Version 8.0 Build 20040716Z Package ID: l_fc_pc_8.0.046_pe050.1

TimP · ‎10-15-2004

This Fortran syntax is a way of creating a dynamic array, similar to a C Variable Length Array. Unfortunately, there is no error checking available, in case you are exceeding the available heap or stack space, as the case might be. It looks like you are trying to allocate over 1.7GB. I won't presume to tell you how much should be available on your system, or what shell option you would set to increase limits.

prozacula · ‎10-15-2004

that doesn't make any sense. Why would such a small, stupid program need 1.7G of memory? THis machine has 4 G anyways, but that is beside the point. I don't understand how the double precision::xddd() call, which just multipies 150x150x10x10 would need that much memory, or would segfault

Message Edited by prozacula on 10-15-2004 04:12 PM

Intel_C_Intel · ‎10-15-2004

Dear Customer,

This stupid program needsa lot ofmemory because it demandsa lot of memory at thesecond line in the subroutine. Increasing the stack size will resolve your problem.

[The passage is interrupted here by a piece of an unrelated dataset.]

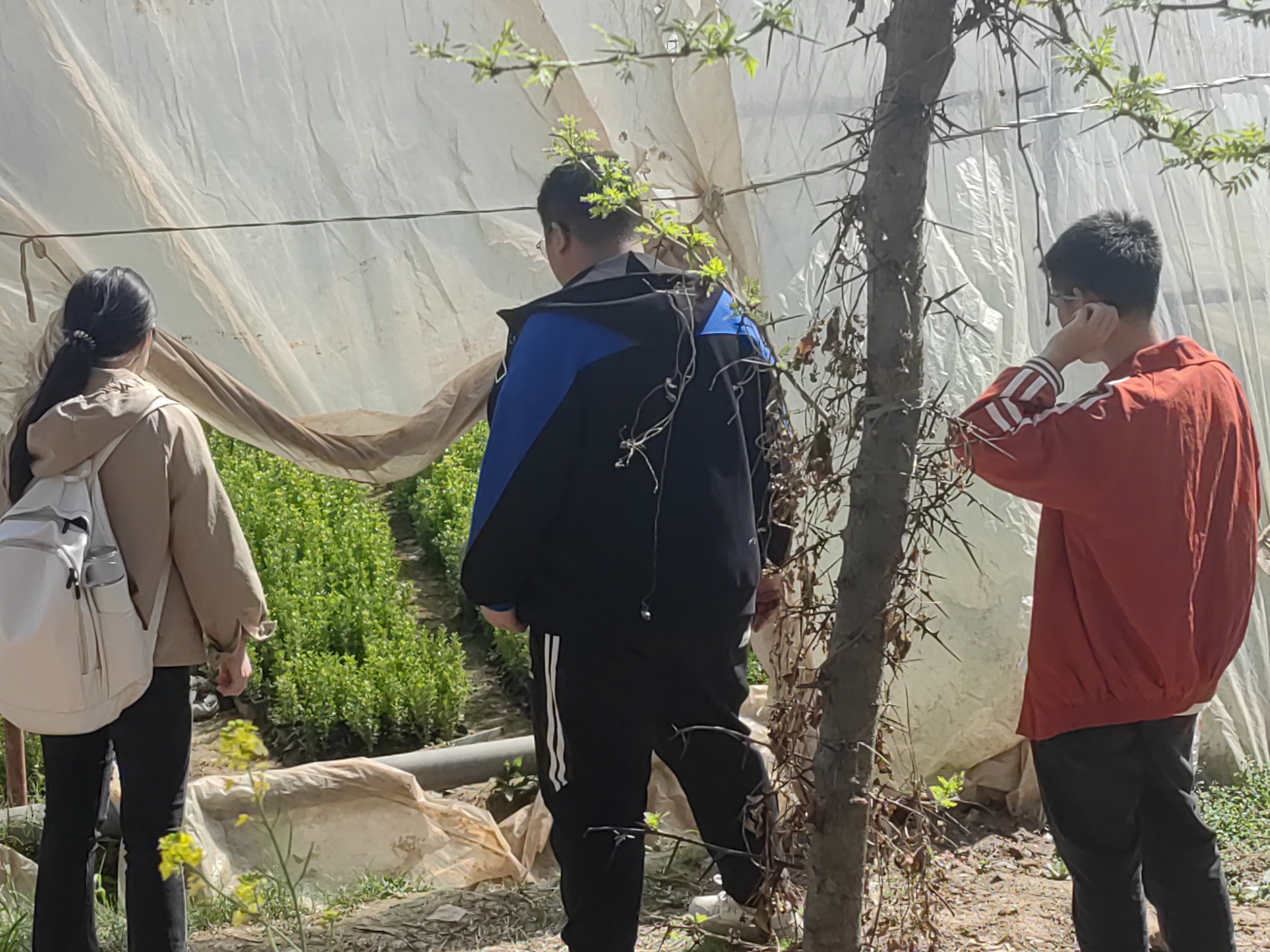 3月16日,队伍成员到达揉谷镇陵湾村参观经济种植地。精心种植的葡萄、树苗等农作物,虽还未结果,但在阳光的映衬下显得格外美丽。在大棚中,放眼望去,满园绿色,正如村庄发展态势,春意盎然,生机蓬勃。在观察植物时,成员注意到了农田有农药使用痕迹,经与村民交流,了解到村民在日常农作物种植时偶尔会使用化学农药除虫除草,但对化学农药的危害、使用注意事项等知之甚少。为此,队伍成员计划结合专业知识,面向村民开展农药知识宣传。

ifort /nologo /F64000000 stup.f90
./stup.exe
THIS IS SAD

Aart Bik
http://www.aartbik.com

Message Edited by abik on 10-15-2004 05:05 PM

prozacula · ‎10-16-2004

Hello,

I really appreciate the fast response. I do not know enough about fortran, memory allocation and this new compiler version, but here is the response I got from the user (I am going to have him sign up here, because I am getting tired of passing messages back and forth - I am not an applications specialist, just a sysadmin):

+++++++++++++
Jason, this is a serious problem, and I am NOT
satisfield AT ALL with this answer. They are making
several mistakes (unless I miss something). Let's make
the numbers:

A double precision number has 8 bytes.

Idim=150, so Idim*Idim*10*10 = 150*150*10*10=
2250000. So 2250000 * 8 bytes = 18 million bytes =
18 Mega byte = 18 Mb, which is different from 1.7 Gb.

Of course we have 18 Mb. Indeed, if you define an
allocatable array, and then you allocate it
dinaymically it works (even with Idim over 800).
Furthermore, this program WORKS in the same computer
with PGF90 (again, even with Idim over 800).

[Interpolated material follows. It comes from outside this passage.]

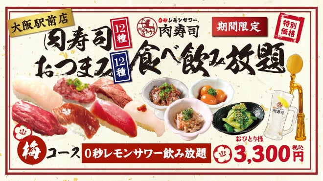 【梅コース】0秒レモンサワー付!肉寿司12種+おつまみ12種食べ飲み放題90分3,300円(税込)
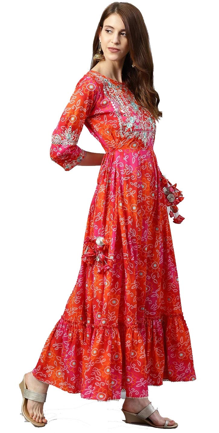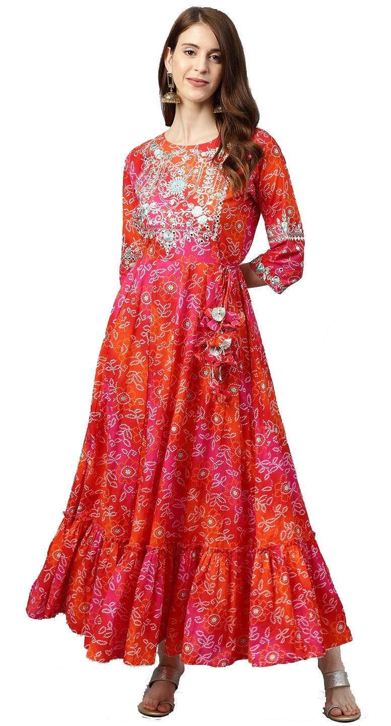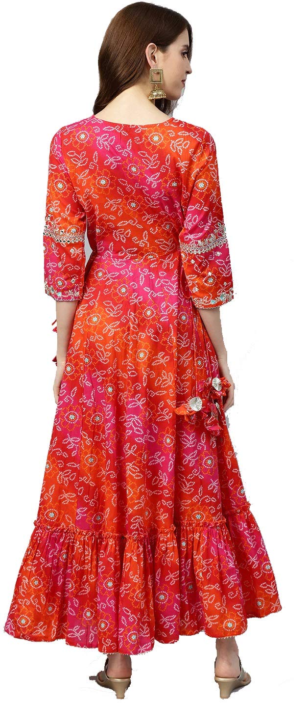 rytras Women's Cotton Printed Anarkali Embroidery Kurti(Red & Orange,M)

So please, let them know (if you want by
forwarding this email). To response 1, that I believe
he made a mistake in the multiplication. And to
response 2:

Even if a compilation flag would make it work, I
would be quite unsatisfied because I would have to
know the memory usage before hand during compilation.
Especially, when we are talking about such low memory
requirements (18 Mb).

Again, I insist. THE SAME PROGRAM WORKS IN THE
SAME COMPUTER WITH PGF90, EVEN SELECTING Idim=800. SO
THE PROBLEM IS EITHER WITH THE INSTALLATION OR WITH
THE COMPILER, NOT WITH MY PROGRAM.
++++++++++++++

I would like to add, once again, that I don't know enough about what is going on, but any help would be appreciated.

Message Edited by prozacula on 10-16-2004 01:16 PM

Intel_C_Intel · ‎10-17-2004

Dear Jason,

I noticed the error inTim's earlier calculation too, but I tried to let it pass :-). To be even more accurate, this program requires about 17.2MB of stack space, unfortunately still more than is allocated by default (making the /F switch necessary). I dont know how to react to all the CAPITALs..Other compilers may initially reserve more stack space or, for this particular program, may even skip the stack-based allocation altogether because the array is not used. Ultimately, any run-time environment could run out of stack space, however.

Aart

Message Edited by abik on 10-16-2004 10:10 PM

prozacula · ‎10-17-2004

>>I dont know how to react to all the CAPITALs..

some of the people I work with are a little...edgy. they like to make EMERGENCIES out of everything that ever happens, even their own mistakes and lack of knowledge sometimes! (i work at a university) :)

Is there a way he can handle this dynamically in the code without specifying the stack size while compiling? He does alot of large calculations that scale dramatically depending on the input entered. This seems to me like a problem with his technique, not the way the compiler works - I think he is upset because the portland group compilers seem to do the allocation up front on their own. Is there perhaps some flag that will accomplish this with ifort?

Intel_C_Intel · ‎10-17-2004

Dear Jason,
A simple solution that does not require initially reserving a lot of stack space is to use heap-based allocation (viz. by means of explicit allocate statements). But, ultimately, one could also run out of heap, you know :-).
Aart